Robert Havard
Dr. Robert Emlyn Havard was the physician of C. S. Lewis, his wife Joy Gresham, and J.R.R. Tolkien. Havard has also been credited as a "skilled and prolific writer".
Biography
Havard was born in South Kyme, Lincolnshire. He studied chemistry at Oxford, and medicine at Cambridge and Guy’s Hospital in London. He held a number of research posts and co-authored over twenty scientific publications before becoming a General Practitioner in Oxford, where he met Lewis in 1934.He converted to Roman Catholicism in 1931.
In 1943, Havard was called up for service and worked as a medical officer in the Royal Navy; he then continued his GP work until 1968, when he retired and moved to the Isle of Wight.

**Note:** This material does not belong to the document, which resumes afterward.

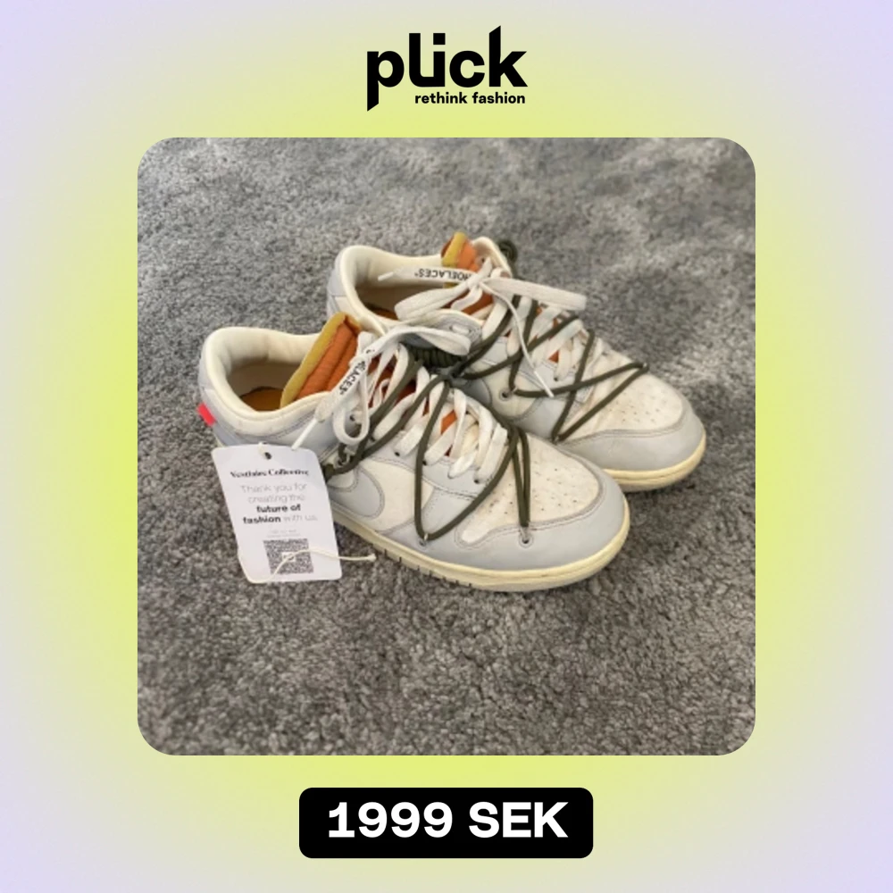 Tjena! Säljer ett par off white dunk skor i serie numret 22/50. Skorna har använts en del. Jag köpte de via vesitarie Collective och gjorde en legit check på skorna, så skorna är 100% autentiska. Bevis finns. Taggen har försvunnit därav är priset 1790kr. Mvh

He was married to Grace Mary Middleton and they had five children.
Interactions with other writers
In addition to his medical research papers, Havard authored an appendix for C. S. Lewis's The Problem of Pain. He also authored a description of Lewis included in Remembering C. S. Lewis: Recollections of Those Who Knew Him and one of J. R. R. Tolkien included in Mythlore.Havard was a member of the Oxford-based Inklings. Lewis invited him to join because of the literary interests he shared with that group. Like Tolkien, he was a Roman Catholic. Havard was sometimes referred to by the Inklings as the "Useless Quack," mainly because Warren Lewis once called him so upon being irritated by his tardiness, and his brother, Jack, thought it quite amusing at the time and caused the nickname to continue. The abbreviation "U.Q." was thereafter a common reference to Havard.

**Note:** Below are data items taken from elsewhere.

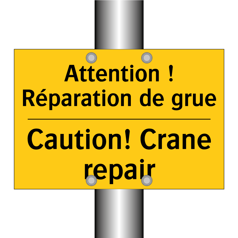 Panneau d'avertissement bilingue avec texte en français : "Attention ! Réparation de grue", et en anglais : "Caution! Crane repair"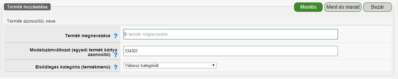 A terméket nagyon egyszerűen rögzítheti, első lépésként csak a terméknevet és a termék kategóriát kell megadnia.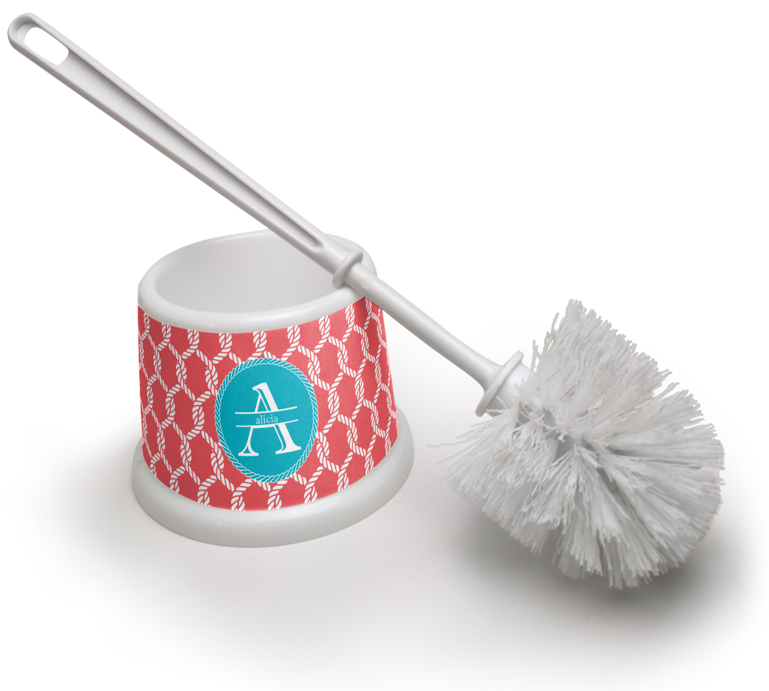 This linked ropes design is perfect for your real or dream beach house. The nautical design has ropes linked together to form diamonds. We have chosen a coral and teal palette for our design. We also chose a rope label and a name initial combination for our personalization.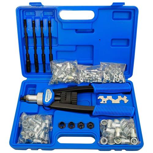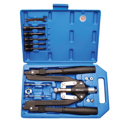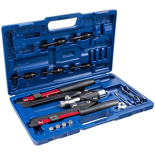 Wenn Sie Kunststoff oder dünnes Aluminium vernieten, verwenden sie im besten Fall eine einhändige Nietzange. Sie schont das Blech durch einen geringeren Anpressdruck. Das gleiche gilt für die Normgrößen M3 bis M5. Die zweihändige Nietmaschine mit Gewinde kommt bei den Nietmutternzangen M8 bis M12 und dickem Stahlblech zum Einsatz. Bei M6 Nietmuttern können Sie abwägen. M6 Edelstahlmuttern lassen sich leichter mit der Zweihandzange nieten. Mit M6 Stahl und Aluminium kommt demgegenüber auch die Einhandzange zurecht. Sie setzen des Öfteren Blindnieten? Dann sollte die Wahl auf eine Nietzange mit Doppelfunktion fallen.

Lewis dedicated his novel, Prince Caspian, to Havard’s daughter Mary.
Hugo Dyson once called him "Humphrey" when he could not remember his name. After that, Havard was quite frequently known as "Dr. Humphrey Havard," to the extent that when Douglas Gresham came to know him years later and became his patient, it was some time before he discovered Robert Havard's actual name was not really Humphrey.